You are viewing a plain text version of this content. The canonical link for it is here.
Posted to dev@ranger.apache.org by Don Bosco Durai <bo...@apache.org> on 2020/03/07 22:06:26 UTC
Re: Review Request 71921: Add support for ElasticSearch as an Audit
Database
-----------------------------------------------------------
This is an automatically generated e-mail. To reply, visit:
https://reviews.apache.org/r/71921/#review219835
-----------------------------------------------------------
agents-audit/pom.xml
Lines 118 (patched)
<https://reviews.apache.org/r/71921/#comment308058>
Any reason the version is hard coded?
agents-audit/src/main/java/org/apache/ranger/audit/destination/ElasticSearchAuditDestination.java
Lines 120 (patched)
<https://reviews.apache.org/r/71921/#comment308060>
Can we have this in if(LOG.isDebugEnabled()) { block }?
agents-audit/src/main/java/org/apache/ranger/audit/destination/ElasticSearchAuditDestination.java
Lines 160 (patched)
<https://reviews.apache.org/r/71921/#comment308061>
For debugging purpose, should we set this as member attributes and init load them and have it logged at INFO level (without the password)? This will help during debuging.

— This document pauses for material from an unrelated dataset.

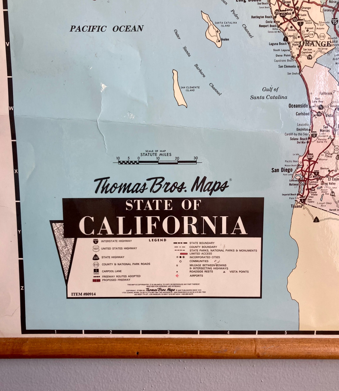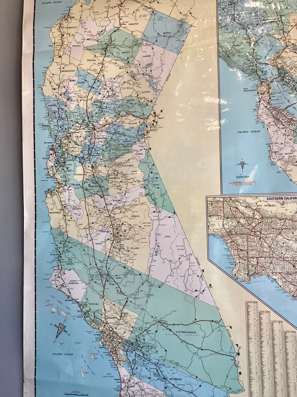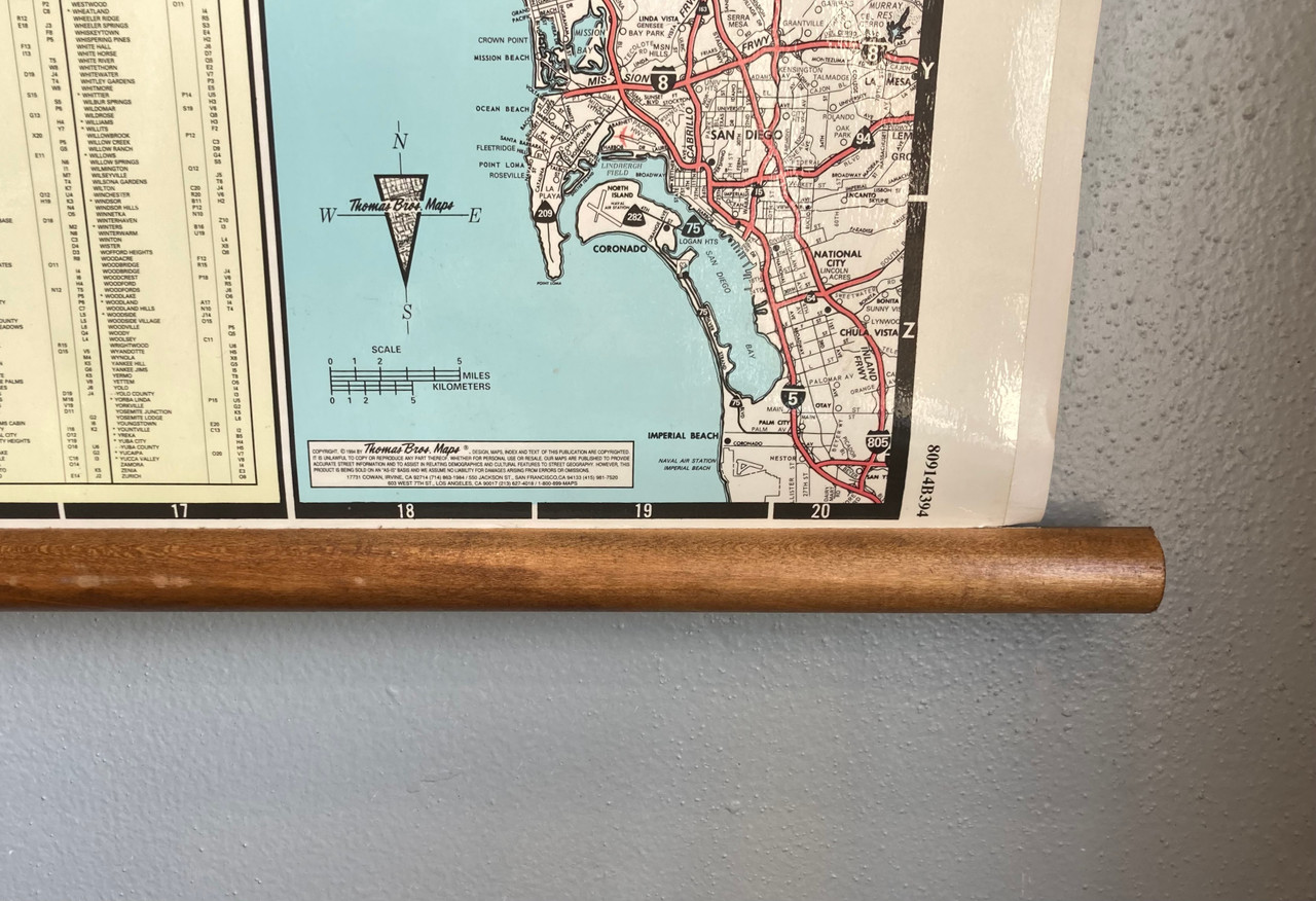 Fantastic vintage 1994 Thomas and Bro's map of the entire state of California. Map has cut-out details of the Bay Area and Los Angeles. Freeways and counties are all depicted in a muted color palette. Top and bottom are anchored by wooden dowels, and top has two loops for easy hanging.

agents-audit/src/main/java/org/apache/ranger/audit/destination/ElasticSearchAuditDestination.java
Lines 200 (patched)
<https://reviews.apache.org/r/71921/#comment308062>
Can we print additional information like port, etc.
migration-util/ambari2.1-hdp2.3-ranger0.50/bin/import_ranger_to_ambari.py
Lines 292 (patched)
<https://reviews.apache.org/r/71921/#comment308063>
Do we need to update this file? Not sure whether anyone will need it. If it not used or tested, then we should probably not just add and risk breaking something else.
pom.xml
Lines 135 (patched)
<https://reviews.apache.org/r/71921/#comment308057>
Can we indent this as others?
security-admin/scripts/install.properties
Lines 85 (patched)
<https://reviews.apache.org/r/71921/#comment308064>
Can we keep plugin and admin config similar? In Plugin we are taking Port as config
security-admin/src/main/java/org/apache/ranger/elasticsearch/ElasticSearchAccessAuditsService.java
Lines 76 (patched)
<https://reviews.apache.org/r/71921/#comment308065>
Just curious if there are additional information that can be printed which would be useful for debug?
security-admin/src/main/java/org/apache/ranger/elasticsearch/ElasticSearchAccessAuditsService.java
Lines 105 (patched)
<https://reviews.apache.org/r/71921/#comment308066>
Can we print the request data? And also the execption?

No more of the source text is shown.